Writing the schematic definition for an element type is a key form of programming in the CELLAR system. Traditional programs have a procedural and imperative style. They say, "Do this, then do this, then do this." That kind of programming is entirely inappropriate in this case. Rather, the schemata (as we have defined them above) are declarative programs. A schema says, "I declare that this must always be true, and I don't care how you, computer, determine and enforce this." It is the underlying computing environment that handles all of the messy computational details of ensuring that the declaration remains true at all times. The expert's descriptive knowledge is programmed into CELLAR by encoding it in schemata for the different types of objects in the subject domain. This formalized descriptive knowledge could just as well be the basis of the introductory chapter in a college textbook on the subject domain.
The second kind of general knowledge is procedural knowledge. This is knowledge about how to do things with the instance knowledge in the knowledge base. Procedural knowledge is what results when one answers the question, "How could I transform this knowledge already in the knowledge base into a new bit of (derived) knowledge?" (Cases involving guessing or inferring are excluded here; they are dealt with under heuristic knowledge.) For instance, it is procedural knowledge that enables an analyst to determine if two items co-occur, to find all instances of a pattern of interest, to compile an inventory of all the elements of a given type, to compute frequencies of occurrence, to make a consistent change in the transcription of data, to extract simplified representations of data of interest out of the complex network of information, and so on.
There is a long tradition of representing procedural knowledge in programs written in conventional procedural programming languages. The study of programming languages has shown, however, that procedural programming is fraught with many traps for the unwary.

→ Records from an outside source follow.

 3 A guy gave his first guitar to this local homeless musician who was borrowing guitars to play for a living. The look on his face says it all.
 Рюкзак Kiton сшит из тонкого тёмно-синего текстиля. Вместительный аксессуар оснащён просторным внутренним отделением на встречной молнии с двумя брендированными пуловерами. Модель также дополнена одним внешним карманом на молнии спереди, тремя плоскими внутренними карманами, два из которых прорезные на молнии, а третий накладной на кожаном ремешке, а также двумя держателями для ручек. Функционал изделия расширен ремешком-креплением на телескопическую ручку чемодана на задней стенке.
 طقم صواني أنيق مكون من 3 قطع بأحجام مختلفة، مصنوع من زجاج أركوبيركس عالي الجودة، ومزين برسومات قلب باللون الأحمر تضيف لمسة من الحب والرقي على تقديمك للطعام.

We propose, instead, to use the functional programming paradigm (Backus 1978, Henderson 1980). It has the advantage of a side-effectless semantics, which means that it would be easier for the system to do reasoning about the effect and the correctness of programs. A particular benefit of this will be that the generation of user-defined programs can be encapsulated in a structured editor which uses not only syntactic but also semantic knowledge about the programming language to help the user verify the program as it is being written (Dybvig and Smith 1985, Lindstrom 1986, Bidoit and others 1984, Yemini and Berry 1987).
As far as the CELLAR application is concerned, the "programs" referred to in the preceding paragraph are more like the queries of a database language. Specifically, procedural knowledge in CELLAR will be expressed in a functional query language (modeled after Buneman, Frankel, and Nikhil 1982, and Gonnet and Tompa 1987). This knowledge will not only be encoded in stand-alone functions which the user can execute on given data objects, but it will also be the means by which complex constraints in the schematic knowledge of the descriptive component are expressed. Figure 5 gives a sample of what a procedure in CELLAR's query language might look like. The example is a procedure for finding the longest sentence (or sentences) in a text.

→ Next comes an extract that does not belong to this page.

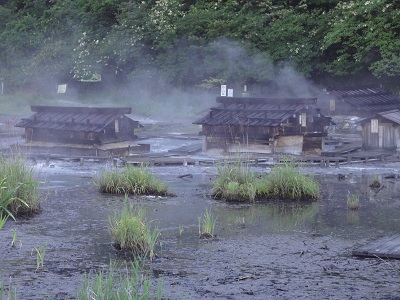宿のすぐ近くには源泉が噴き出しおり、あたりは硫黄臭がしています。

Figure 5 Some procedural knowledge
longest_sentence(Text) means select(sentences_in(Text), (S such_that size(S)==M)) where M is max(apply(sentences_in(Text),size)).
The third kind of general knowledge is heuristic knowledge. Heuristics (from the Greek word for 'discover') are the bits of experiential knowledge an expert applies in the process of discovering the solution to a problem. Heuristics are not generally well-defined procedures; they are often not even well-justified. Rather, they are based on hunches, or on analogies to previously encountered situations. This kind of human problem solving has traditionally fallen beyond the capabilities of algorithm-based computing. This has changed in the last decade, however. A new technology called knowledge-based expert systems has broken this barrier and ushered in what many are calling the "second wave" of the information revolution. Whereas the first wave automated data processing, the second wave is beginning to automate decision making (Linden 1988:61).
Heuristic knowledge is typically represented in expert systems by means of if-then rules. They say something like, "If pattern X is present, then you can (probably) conclude Y." Or, "If situation X arises, then test the hypothesis that Y is the case." The body of heuristic knowledge is stored in a database rather than being written into programs. An inference engine applies the body of heuristic knowledge to the details of the situation at hand in order to reach a conclusion. Figure 6 gives a sample of some of the heuristic knowledge involved in the linguistic problem of determining whether two phones reflect the same or different phonemes.
Figure 6 Some heuristic knowledge
IF Phone1 contrasts-in-identical-environment-with Phone2, THEN Phone1 is-different-phoneme-than Phone2. IF Phone1 contrasts-in-analogous-environment-with Phone2, THEN Phone1 is-different-phoneme-than Phone2. IF Phone1 occurs-in Word1 AND Phone2 occurs-in Word2 AND Phone1 is-different-than Phone2 AND Word1 contrasts-with Word2 AND Phone1 and Phone2 are-only-difference-between Word1 and Word2, THEN Phone1 contrasts-in-identical-environment-with Phone2. IF Phone1 occurs-in Word1 AND Phone2 occurs-in Word2 AND Phone1 is-different-than Phone2 AND Word1 contrasts-with Word2 AND Phone1 and Phone2 are-in-analogous-environment-in Word1 and Word2, THEN Phone1 contrasts-in-analogous-environment-with Phone2. IF Word1 has-different-form-than Word2 AND Word1 has-different-meaning-than Word2, THEN Word1 contrasts-with Word2. IF X is-position-of Phone1 in Word1 AND Y is-position-of Phone2 in Word2 AND Word1 before-position X equals Word2 before-position Y AND Word1 after-position X equals Word2 after-position Y, THEN Phone1 and Phone2 are-only-difference-between Word1 and Word2. IF X is-position-of Phone1 in Word1 AND Y is-position-of Phone2 in Word2 AND Word1 before-position X is-analogous-to Word2 before-position Y AND Word1 after-position X is-analogous-to Word2 after-position Y, THEN Phone1 and Phone2 are-in-analogous-environment-in Word1 and Word2.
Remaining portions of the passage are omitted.